Hugo mendengkus. "Menurut kamu apa yang membuat aku bisa bertahan selama tiga tahun?"

"Tapi kamu bilang kalo sifat Zema yang terlalu pendiam dan penurut itu nggak menyenangkan selama kalian menikah."

"Aku nggak suka sifatnya yang pasif, bukan berarti aku nggak suka keseluruhan yang Ema punya." Hugo melepaskan tangan Cinta dari pintu mobil. "Berhenti membuat asumsi sendiri. Aku udah bilang dari awal, aku hanya menganggap kamu teman, Cinta."

Hugo tidak peduli jika Cinta merasa dicampakkan. Karena memang Hugo tidak berniat mendua, dia hanya menganggap mereka sebatas teman. Mengenai pertemuan mereka di hotel, itu murni salah paham saja. Hugo akan menjelaskan pada Zema setelah mereka bertemu.

***

Hugo tidak menemukan istrinya di klinik ilegal aborsi yang ketiga didatangi. Tidak ada nama Zema yang dikenal orang klinik tersebut. Hugo juga tidak tahu mengenai dukun aborsi jika memang ada di Jakarta, karena Jakarta memang sangat luas. Tak mungkin dalam satu malam bisa menemukan semuanya.

Dengan sisa semangat yang dirinya punya. Hugo duduk dibalik kemudi dan menunduk lesu.

Mama calling...

Hugo sedang tidak siap untuk menjawab panggilan mamanya, tapi dia tahu mengabaikan panggilan tersebut juga tidak baik.

"Halo, Ma."

"Kamu nggak beneran selingkuh, kan?!"

Pertanyaan pertama yang menyambut telinganya sungguh tak enak. Bagaimana bisa pula mamanya langsung tahu? Apa Zema langsung mengatakannya pada orang tua Hugo?

"Ema bilang apa sama Mama?"

"Astaghfirullah, Hugoooo!!! Jadi beneran? Ema bahkan belum bilang apa-apa sama mama, tapi kamu langsung bilang begini. Ya Allah!! Hugo ... mama malu! Sangat malu!"
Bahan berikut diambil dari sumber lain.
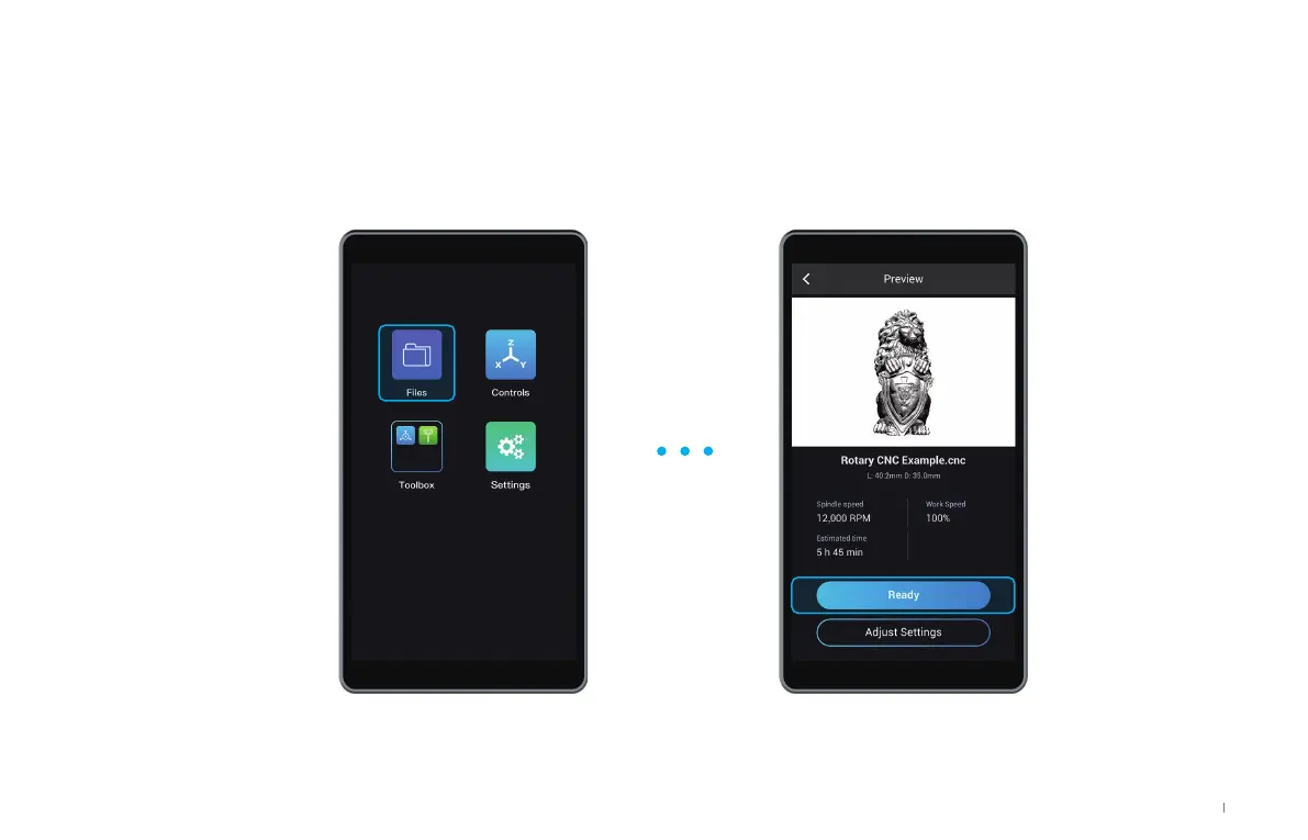 Insert your USB flash drive into the Controller. Tap Files, and select the G-code file in USB. Preview the file, and tap

Hugo memijit keningnya yang semakin pusing mendengar isak tangis mamanya di sambungan telepon.

"Ma ... itu salah paham."

"Salah paham apanya!!! Mama nggak bisa bayangin posisi Ema waktu mergokin kamu sama pelakor sialan itu!! Di video itu bahkan Ema nangis dan dalam kondisi hamil!!! Kenapa kamu nggak bilang kalo Ema hamil, hah!? Kamu mau bikin orang tua kamu jantungan!?"

"Video? Mama nonton video apa? Dimana?"

"Toktok! Mama kecewa kamu viral dengan cara begini. Ya Allah!" Dengan keras wanita yang melahirkan Hugo meraung. "Mama mau ketemu Ema, mama mau bilang—"

"Ema hilang, Ma."

Hugo tidak mendengar suara mamanya lagi secara tiba-tiba.

"Ma? Mama?"

Panggilan itu masih tersambung, tapi tidak ada suara mamanya. Perasaan Hugo menjadi semakin kacau. Pikirannya bercabang dan merasa ada sesuatu yang buruk terjadi pada mamanya.

Tidak bisa mencari Zema lagi, Hugo harus lebih dulu pergi ke rumah orang tuanya untuk tahu kondisi sang mama. Meski sejujurnya dia tidak bisa membiarkan Zema pergi, tapi saat ini ada kondisi mamanya yang harus dipertimbangkan juga.

Ema, tunggu aku. Aku janji jelasin semuanya. Aku tahu kamu nggak akan setega itu membunuh anak kita.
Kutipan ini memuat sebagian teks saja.